Basically Posted October 15, 2021 Posted October 15, 2021 I am being asked if this person's plan can have total assets of only their pension loan. Here is what I know. Woman intended to start a business (did actually) and opened a 401(k) plan. She rolled into the plan $200,000+ worth of IRA and pension money from her previous employer. She took a $50,000 loan and was making quarterly payments. COVID hit and her business went nowhere. She ended up rolling her IRA and previous employer plan money out and into an IRA (felt it was safer). She ended up stopping her loan payments as well so all that is in the plan is the loan balance. I told her that if she wanted to close the plan her loan would be a deemed distribution. She does not want that. Can it go along with only the loan as an asset?

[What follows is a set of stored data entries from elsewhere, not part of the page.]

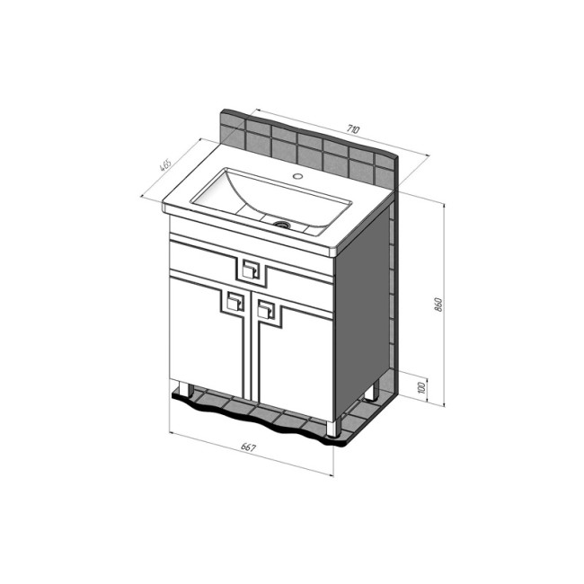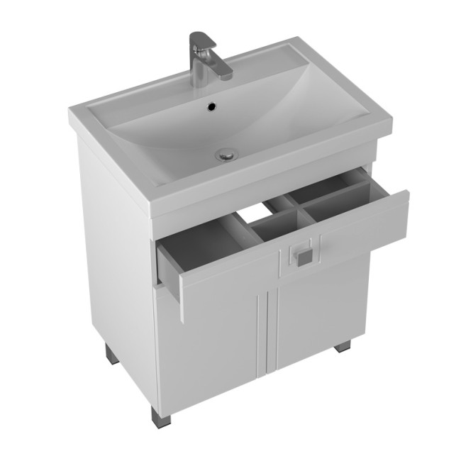 БЕЗ УМЫВАЛЬНИКА. Классическая привлекательность мебели для ванных комнат коллекции «Дакар классика» выходит на первый план. Строгие линии фасадов, стильная фрезеровка, не только подчеркивают красоту хромированных ручек, но и придавая мебели глянцевый блеск драгоценного покрытия. Эргономичная тумба с двумя дверьми и одиним ящик. Выдвижной ящиком оснащен тандемами частичного выдвижения с системой плавного и бесшумного закрывания Вlumotion фирмы Вlum (Австрия)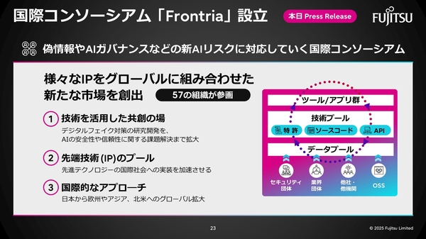 図4:富士通が設立した、AIリスク対策に取り組む国際コンソーシアム「Frontria」の概要(出典:富士通)拡大画像表示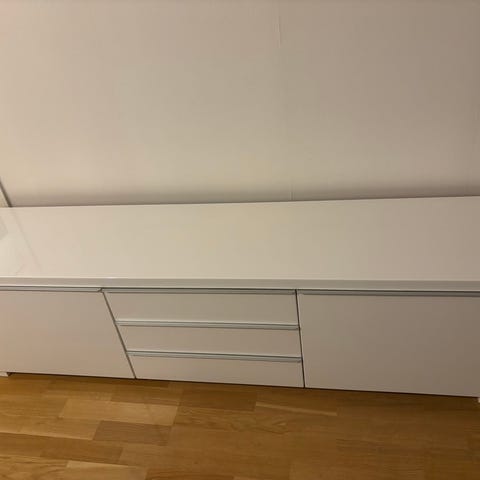 TV-bänk ”BESTÅ” från IKEA med högglans vita dörrar, två hyllplan samt en toppskiva i vitt glas. 120x40x38. Blir ca 10 cm högre med benen som medföljer. Kommer även med ett inbyggt fäste, roterbart, för en TV på 37-55 tum.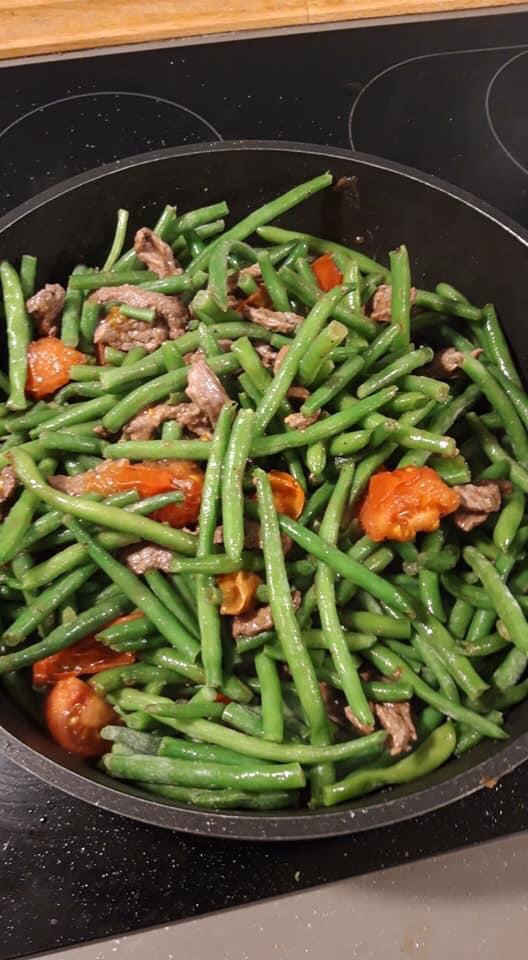 Fleisch anschmoren, Tomaten und Bohnen dazugeben. Danach Salz und Pfeffer beigeben. Eventuell mit einem Schuss Weißwein ablöschen.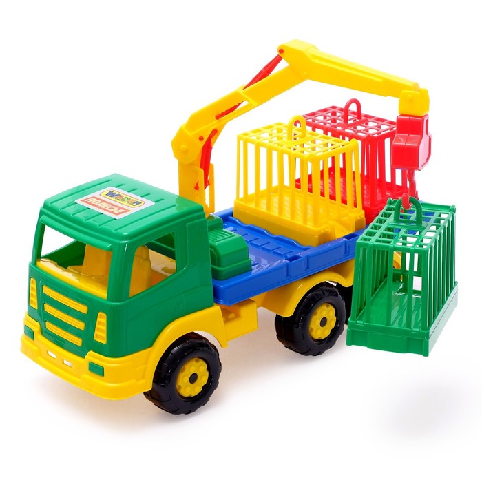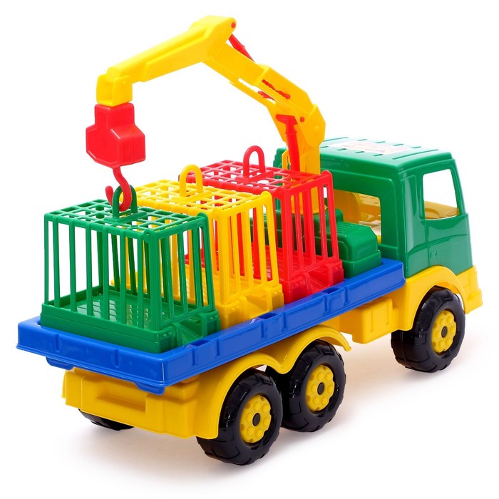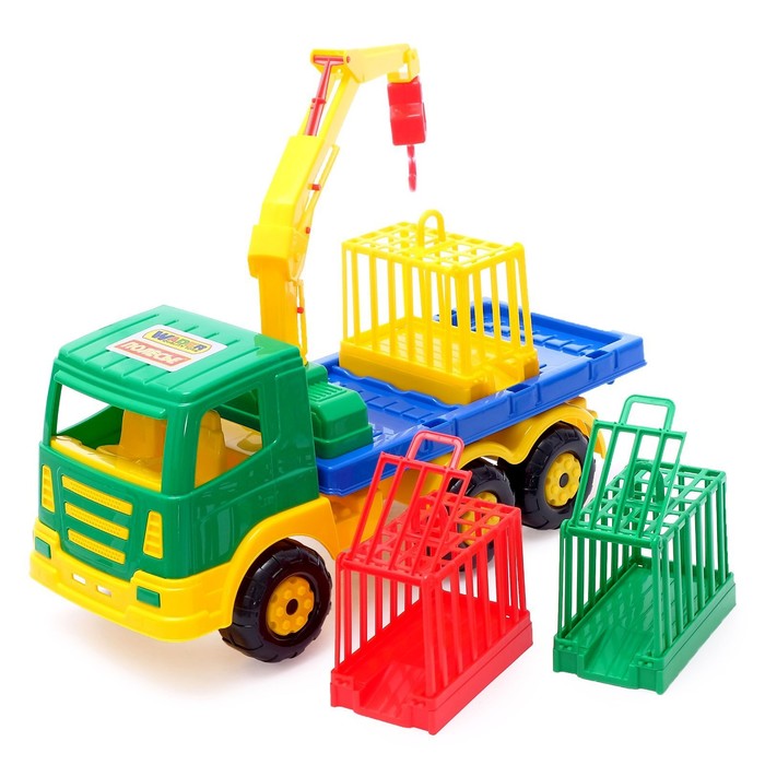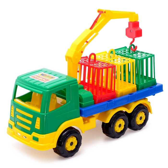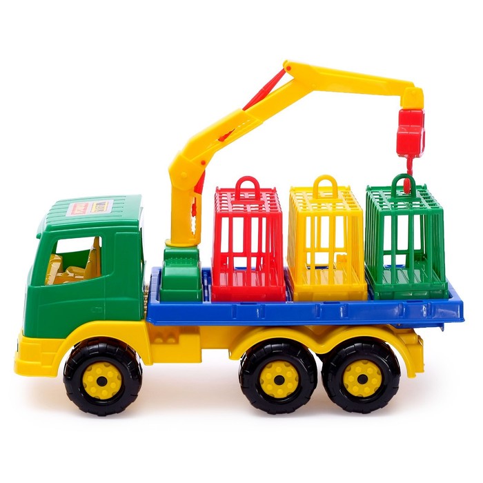 Контейнеровоз ТМ «Полесье» — первоклассный помощник в транспортировке грузов. Он оборудован подвижной стрелой с крюком, которой можно перемещать клетки прямо на широкую платформу. Большие колёса техники выполнены из пластика. Они справятся даже со сложными преградами!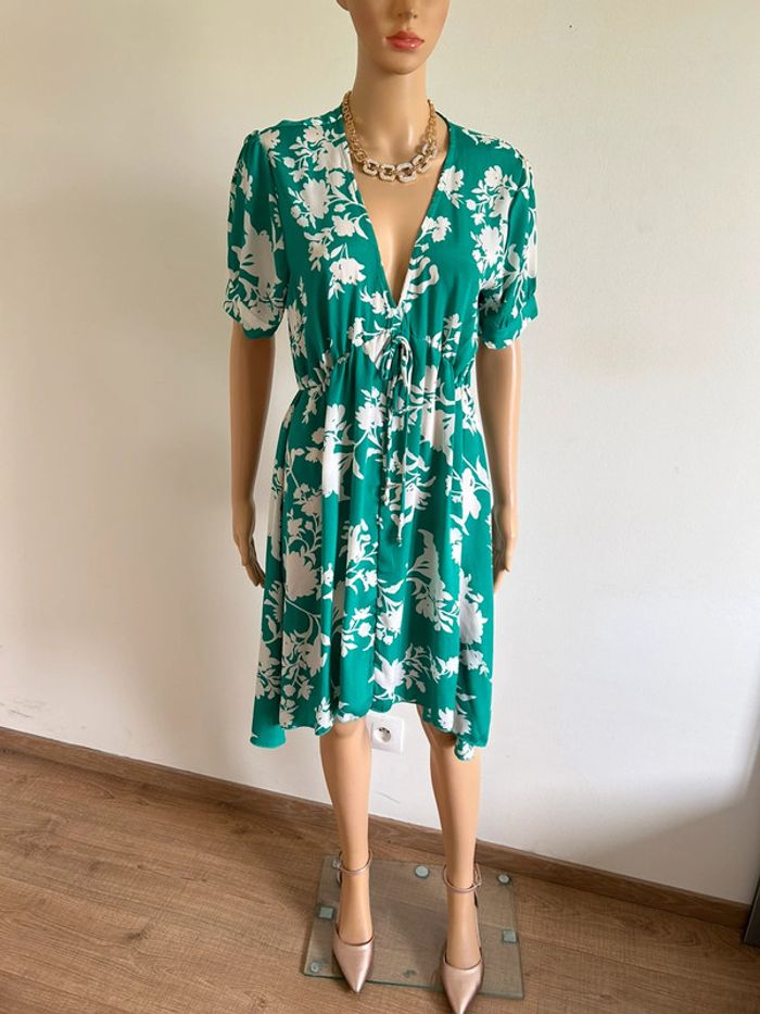 Robe verte et blanche à manches courtes Manoukian taille M jamais portée - photo numéro 1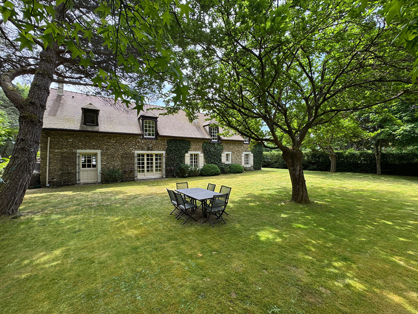 A 6 ' de Montfort l 'Amaury , pour les Amoureux de la Nature, au calme absolu, très proche de la Forêt Domaniale , environnement exceptionnel pour cette magnifique maison récente construite avec des matériaux anciens et nobles .Tres beau jardin paysagé sans vis à vis de 1600m2 avec sa jolie cour pavée . Spacieuse réception traversante avec tomettes , poutres et cheminée donnant sur jardin Sud Ouest-Petit salon S-O ( possible chambre et bains ) -Grande cuisine family room donnant sur jardin Sud. A l 'étage: Spacieuse suite parentale -2 belles chambres et salle de bains . Stationnement pour plusieurs voitures ( possible carport) -Abris de jardin-Construction de qualité exceptionnelle -Commerces et école et Forêt à pied. REF:2779 (3.96 % honoraires TTC à la charge de l'acquéreur.)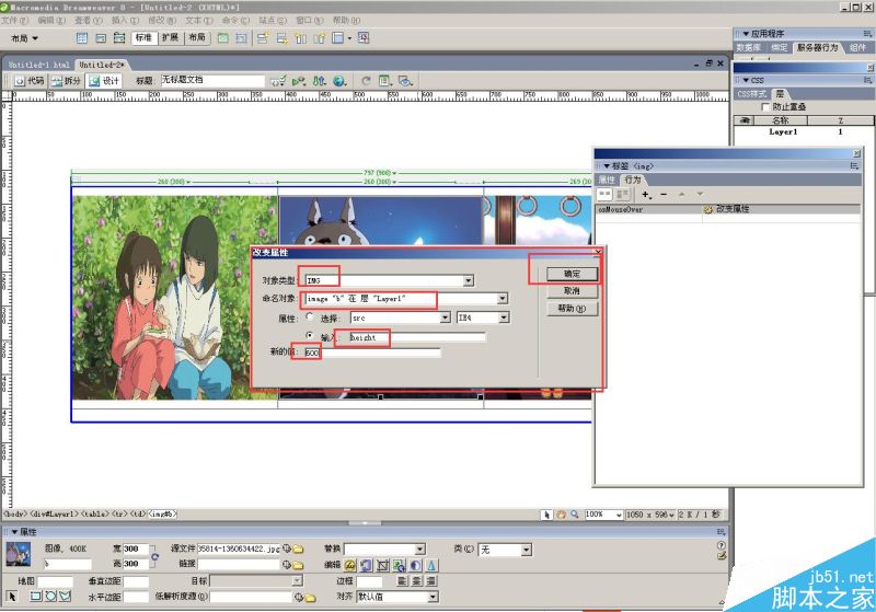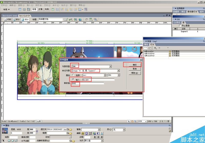 8、將觸發行為修改為onmouseover,也就是鼠標放到圖片上面的時候,就會將圖片的高度改為600;

C. B. Zeller Posted October 15, 2021 Posted October 15, 2021 If she stopped loan payments, then the loan is in default and a deemed distribution has already occurred, or will as soon as the cure period expires. Technically, even after default, the loan obligation still exists. Repayments would create after-tax basis in the plan. Terminating the plan creates a distributable event and then a loan offset occurs, which is a real (as opposed to a deemed) distribution. Lou S. 1 Free advice is worth what you paid for it. Do not rely on the information provided in this post for any purpose, including (but not limited to): tax planning, compliance with ERISA or the IRC, investing or other forms of fortune-telling, bird identification, relationship advice, or spiritual guidance. Corey B. Zeller, MSEA, CPC, QPA, QKA Preferred Pension Planning Corp.corey@pppc.co
Lou S. Posted October 15, 2021 Posted October 15, 2021 I think I'd recommend the following course of action but you do what you want. 1 - suggest they terminate the plan 2 - get paid in advance 3 - if possible, treat the distribution of the loan as a qualified plan offset (gives her till next October to come up with funds to pay off loan as rollover). you can probably only do this if the plan is terminated before the cure period expires. 4 - resign if they want to keep the plan going without repaying the loan on the loan schedule. Luke Bailey 1
Bird Posted October 18, 2021 Posted October 18, 2021 I think we need to know the date of the oldest unpaid loan payment before we can give any advice. I'm of the opinion that it is ok to have the loan as the only asset but somehow I suspect it really should have been deemed in 2020 which creates a different issue. Ed Snyder
Lou S. Posted October 18, 2021 Posted October 18, 2021 3 hours ago, Bird said: I think we need to know the date of the oldest unpaid loan payment before we can give any advice. I'm of the opinion that it is ok to have the loan as the only asset but somehow I suspect it really should have been deemed in 2020 which creates a different issue. I agree, assuming the repayments are made timely which would mean very quickly the loan is not the only asset. However, in t his case it does not sound like repayments have in the past or will in the future be made timely. I also agree that whether or not they are still in the cure period and when that cure period ended is important.